From: Stéphane Letz <letz@email-addr-hidden>
Date: Thu Jul 21 2011 - 15:22:06 EEST

>
> On 07/20/2011 10:27 AM, Maurizio De Cecco wrote:
>> I am playing around with GCC and Clang vector extensions, on Linux and
>> Mac OS X, and i am getting some strange behaviour.
>>
>> I am working on jMax Phoenix, and its dsp engine, in its current state,
>> is very memory bound; it is based on the aggregation of very small
>> granularity operations, like vector sum or multiply, each of them
>> executed independently from and to memory.
>>
>> I tried to implements all this 'primitive' operations using the vector
>> types.
>>
>> On clang/MacOSX i get an impressive improvement in performance,
>> around 4x on the operations, even just using the vector types for
>> copying data; my impression is that the compiler use some kind of vector
>> load/store instruction that properly use the available memory bandwidth,
>> but unfortunately i do not know more about the x86 architecture.
>>
>> On gcc/Linux, (gcc 4.5.2) the same code produce a *slow down* of around
>> 2.5x.
>>
>> Well, anybody have an idea of why ?
>>
>> I am actually running linux (Ubuntu 11.04) under a VMWare virtual
>> machine, i do not know is this may have any implications.
>
> Maybe.

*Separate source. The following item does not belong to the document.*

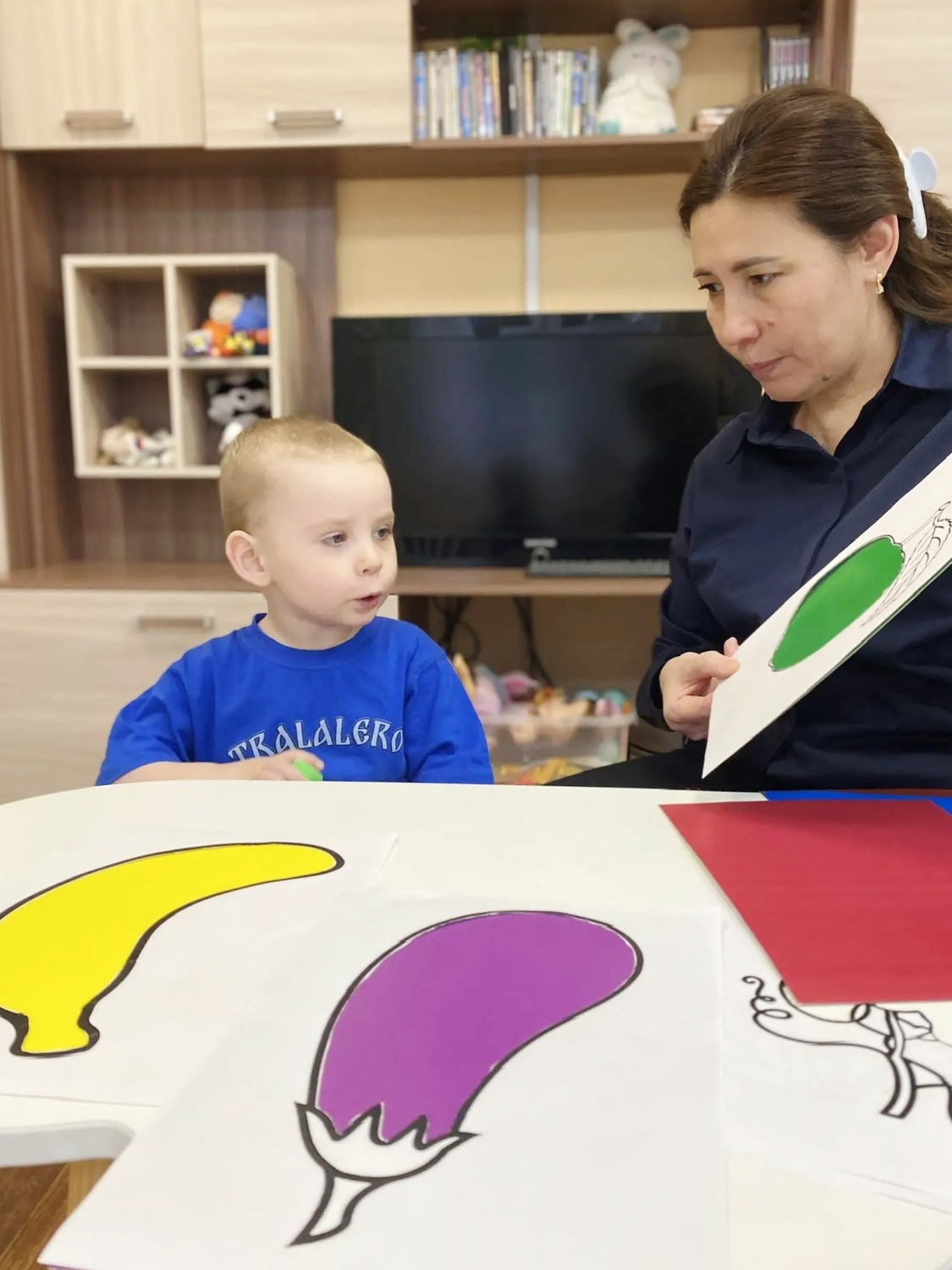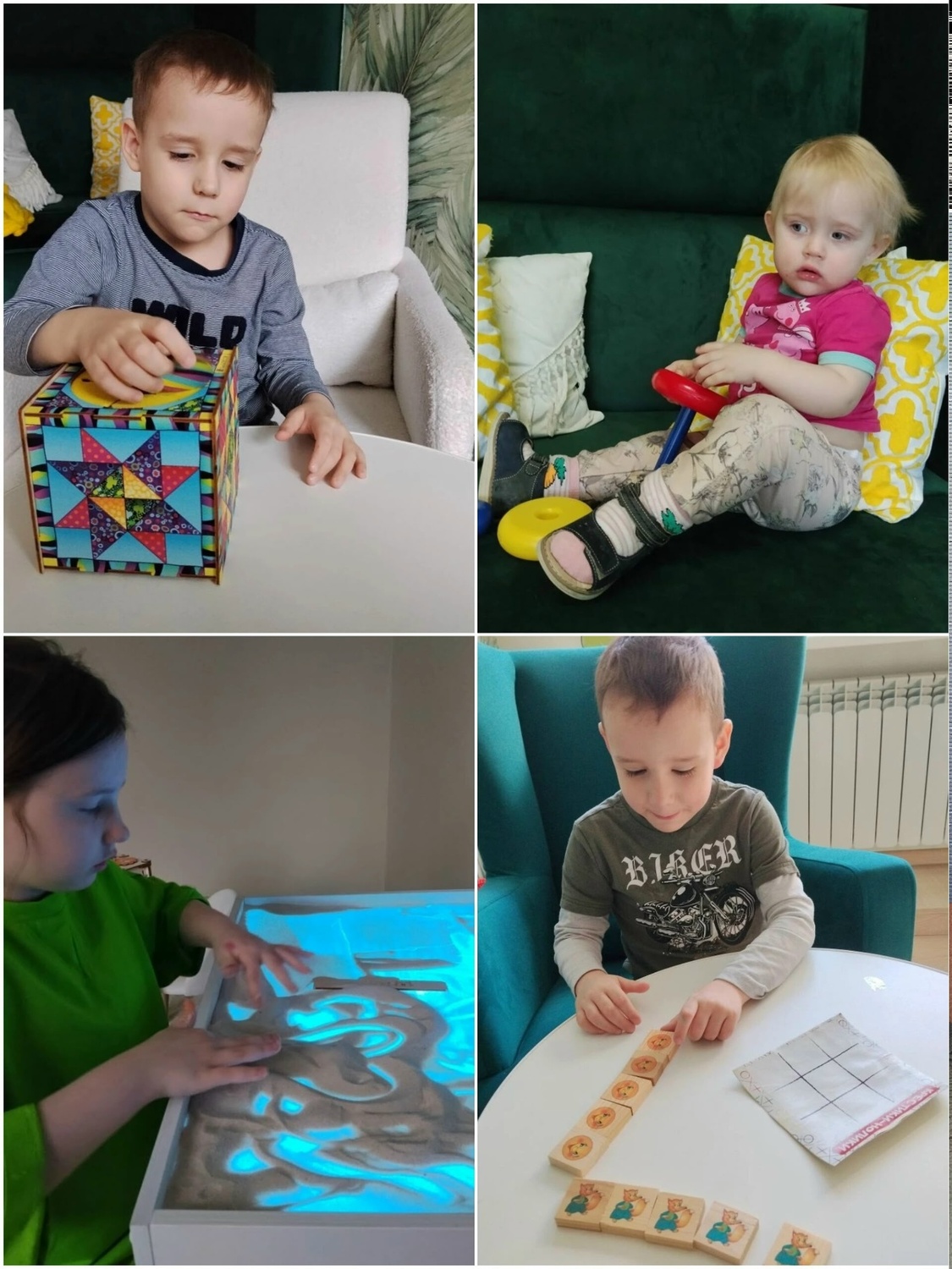 На прошедших занятиях с воспитанниками стационара логопед Людмила Николаевна активно использовала различные игровые наборы и дидактические материалы – карточки, сенсорные мячики, магнитные доски, бизиборд, балансир и др. Дети учились сортировать, манипулировать мелкими предметами, выполнять более точные действия, что способствовало развитию моторики, тактильных ощущений, логики, внимания, глазомера, координации движений, стимуляции речевой активности. Каждый успешный результат сопровождался похвалой. Также позанимались артикуляционной гимнастикой, направленной на улучшение произношения и повышение четкости речи.

A better comparison would be: clang/Linux vs. gcc/Linux and
> clang/MacOSX vs gcc/MacOSX compiled binaries.
>
> Also as Dan already pointed out: gcc has a whole lot of optimization
> flags which are not enabled by default. try '-O3 -msse2 -ffast-math'.
> '-ftree-vectorizer-verbose=2' is handy while optimizing code.
>
> have fun,
> robin

Or you can use LLVM to *directly* generate vector code, as in the following example, result of some experiments done with Faust and it's LLVM backend:

block_code8: ; preds = %block_code8.block_code8_crit_edge, %block_code3
  %20 = phi float* [ %15, %block_code3 ], [ %.pre11, %block_code8.block_code8_crit_edge ]
  %21 = phi float* [ %14, %block_code3 ], [ %.pre10, %block_code8.block_code8_crit_edge ]
  %22 = phi float* [ %16, %block_code3 ], [ %.pre9, %block_code8.block_code8_crit_edge ]
  %indvar = phi i32 [ 0, %block_code3 ], [ %indvar.next, %block_code8.block_code8_crit_edge ]
  %nextindex1 = shl i32 %indvar, 2
  %nextindex = add i32 %nextindex1, 4
  %23 = sext i32 %nextindex1 to i64
  %24 = getelementptr float* %22, i64 %23
  %25 = getelementptr float* %21, i64 %23
  %26 = bitcast float* %25 to <4 x float>*
  %27 = load <4 x float>* %26, align 1
  %28 = getelementptr float* %20, i64 %23
  %29 = bitcast float* %28 to <4 x float>*
  %30 = load <4 x float>* %29, align 1
  %31 = fadd <4 x float> %27, %30
  %32 = bitcast float* %24 to <4 x float>*
  store <4 x float> %31, <4 x float>* %32, align 1
  %33 = icmp ult i32 %nextindex, %18
  br i1 %33, label %block_code8.block_code8_crit_edge, label %exit_block6

In this block float* arrays are loaded, then "bitcast" in vector of 4 floats, the vector of 4 float is loaded, then manipulated with LLVM IR vector version of add, mult...etc... then stored.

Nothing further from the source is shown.